- _RECORDS SUPPLIED_:
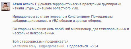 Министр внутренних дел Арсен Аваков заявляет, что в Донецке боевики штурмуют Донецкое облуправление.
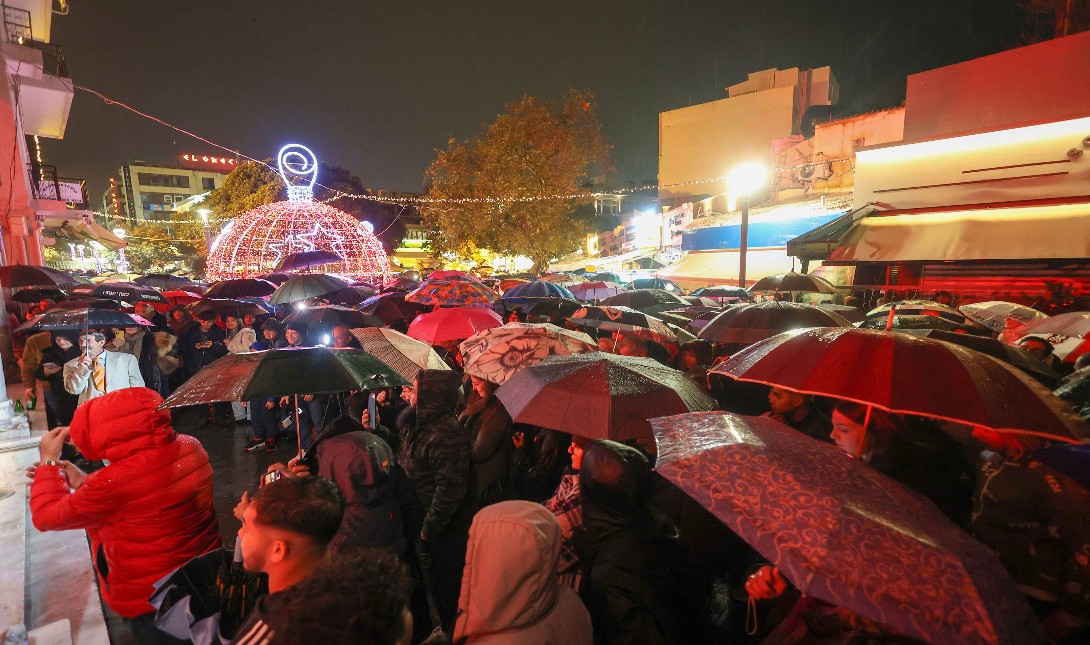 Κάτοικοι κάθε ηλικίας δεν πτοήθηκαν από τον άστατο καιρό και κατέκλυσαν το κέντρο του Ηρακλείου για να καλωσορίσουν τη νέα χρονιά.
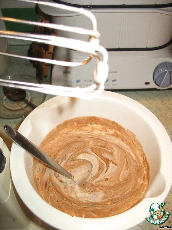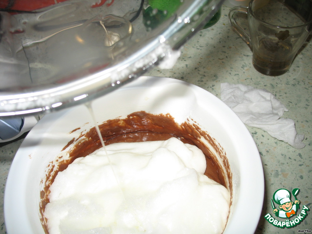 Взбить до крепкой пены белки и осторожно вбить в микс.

...

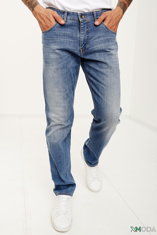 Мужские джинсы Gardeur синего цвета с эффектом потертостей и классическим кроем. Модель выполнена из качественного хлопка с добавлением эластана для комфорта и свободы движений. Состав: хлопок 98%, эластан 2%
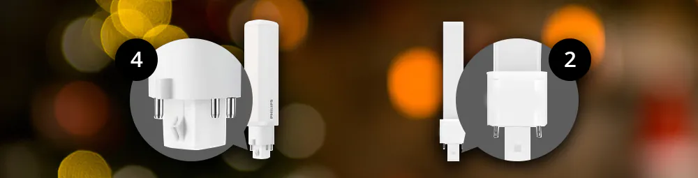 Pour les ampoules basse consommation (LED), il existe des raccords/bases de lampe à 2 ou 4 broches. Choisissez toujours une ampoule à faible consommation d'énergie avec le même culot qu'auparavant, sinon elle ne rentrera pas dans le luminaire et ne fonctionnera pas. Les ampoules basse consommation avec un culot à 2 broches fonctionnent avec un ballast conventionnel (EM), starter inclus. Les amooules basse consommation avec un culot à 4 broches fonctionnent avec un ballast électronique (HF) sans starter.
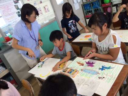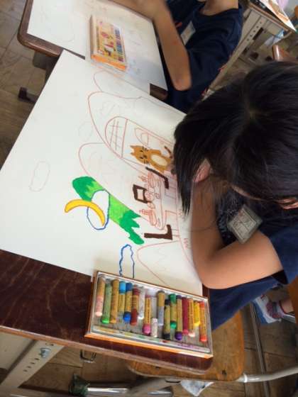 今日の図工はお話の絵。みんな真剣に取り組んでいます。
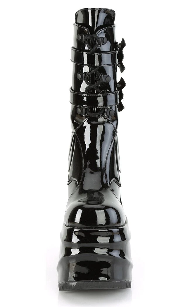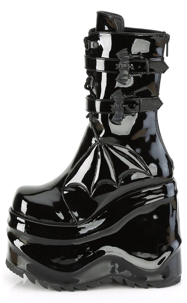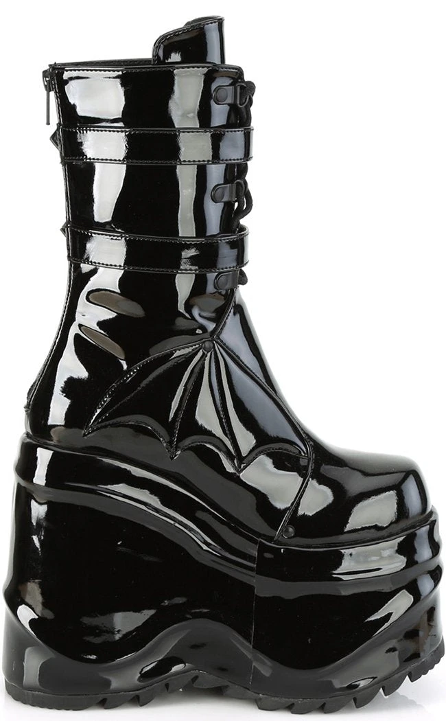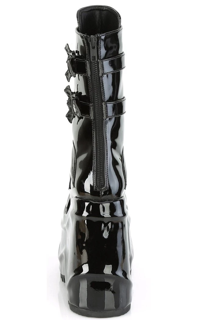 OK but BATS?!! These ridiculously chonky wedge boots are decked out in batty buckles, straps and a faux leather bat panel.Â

- _WHAT THE TASK REQUIRES_: Above are records; repeat only the lines from the line with "Министр внутренних дел" through the line with "Взбить до крепкой", and leave pictures out.

- _RESULT BELOW_:
 Министр внутренних дел Арсен Аваков заявляет, что в Донецке боевики штурмуют Донецкое облуправление.
 Κάτοικοι κάθε ηλικίας δεν πτοήθηκαν από τον άστατο καιρό και κατέκλυσαν το κέντρο του Ηρακλείου για να καλωσορίσουν τη νέα χρονιά.
 Взбить до крепкой пены белки и осторожно вбить в микс.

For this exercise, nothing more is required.